Why do I feel short-changed with this book as a Booker Prize winner? It is a long book at 430 pages, and it feels every bit of it without actually moving far (which is of course, a function of the stuck-ness of Agnes and her family). It tells a narrative well, its use of dialogue is good, the emotional tenor of Shuggie’s bond with his mother is nuanced, and Stuart imagines himself sensitively into Agnes’ befuddled mind. It is all of these things, but for me it didn’t have the literary heft that I would want a Booker Prize winner to have. It is, at heart, a misery memoir, self-contained within its own world. A worthy short-list contender, but for me not ‘winner’ material.
My rating: 8/10
Sourced from: Yarra Plenty Regional Library
I had my doubts about this when it was announced that it had won, and you have confirmed for me that it’s not a book I want to read.

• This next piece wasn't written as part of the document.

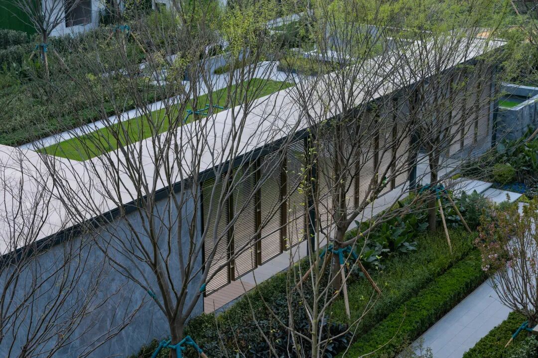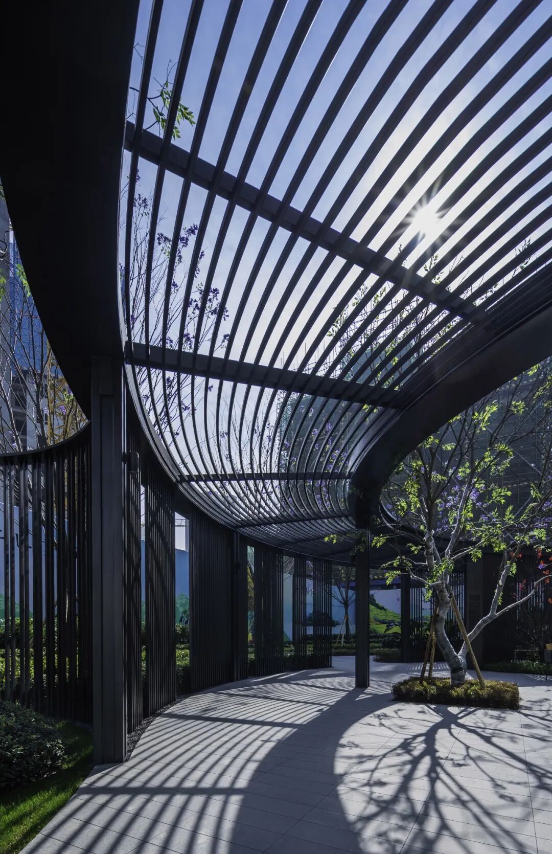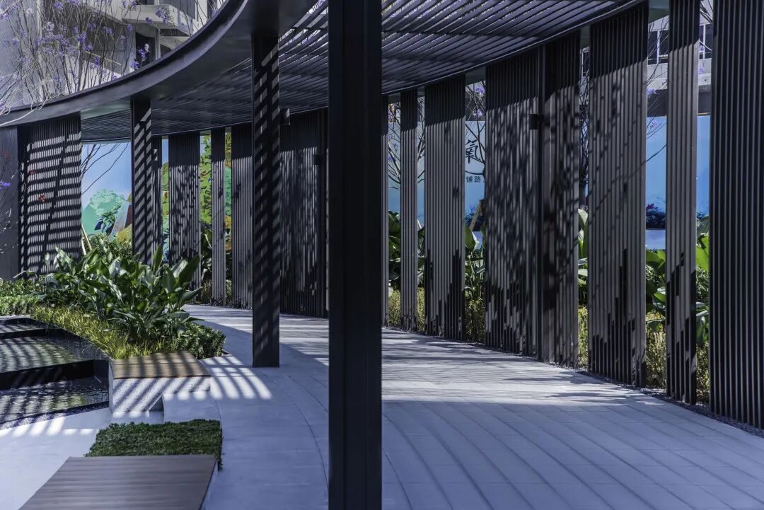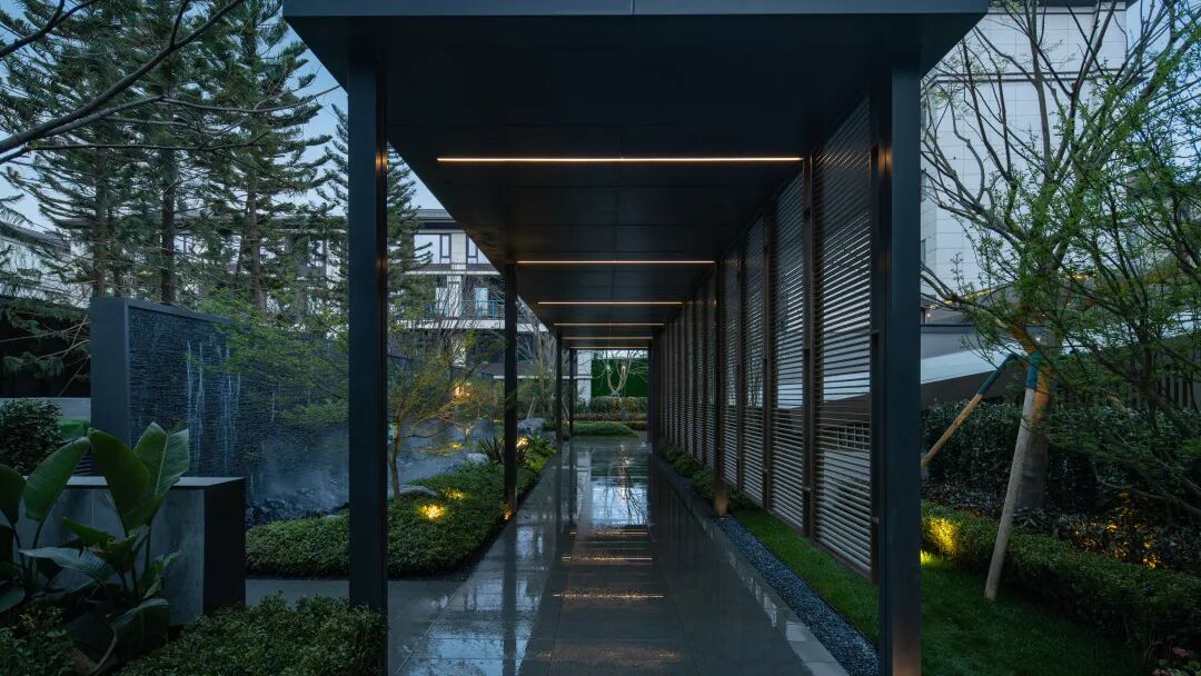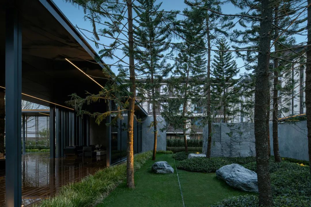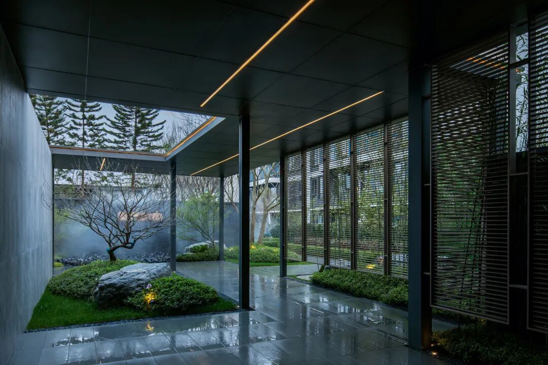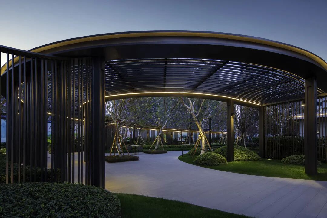 踏入后庭,是别出心裁的空间构成与富氧通透的半开敞廊架空间。结合植物包容与柔和的细微造景,营造简约高级的景致体验效果。

It is a very sad book and while I enjoyed it, it is not one I would recommend to just anyone. What an extraordinary character his mother was and is an accurate example of someone struggling with alcoholism. Like Shuggie, I just kept hoping and hoping for her. While whether the book has great literary merit or not, I don’t know but of all I have read in the last year or so, it had the most profound effect on me.
His depiction of his mother is certainly a very nuanced, sensitive portrayal. It all ends very sadly.
Sad but predictable ending by both his mother and Shuggie. As you no doubt know, Shuggie went on to great success. I look forward to his next book.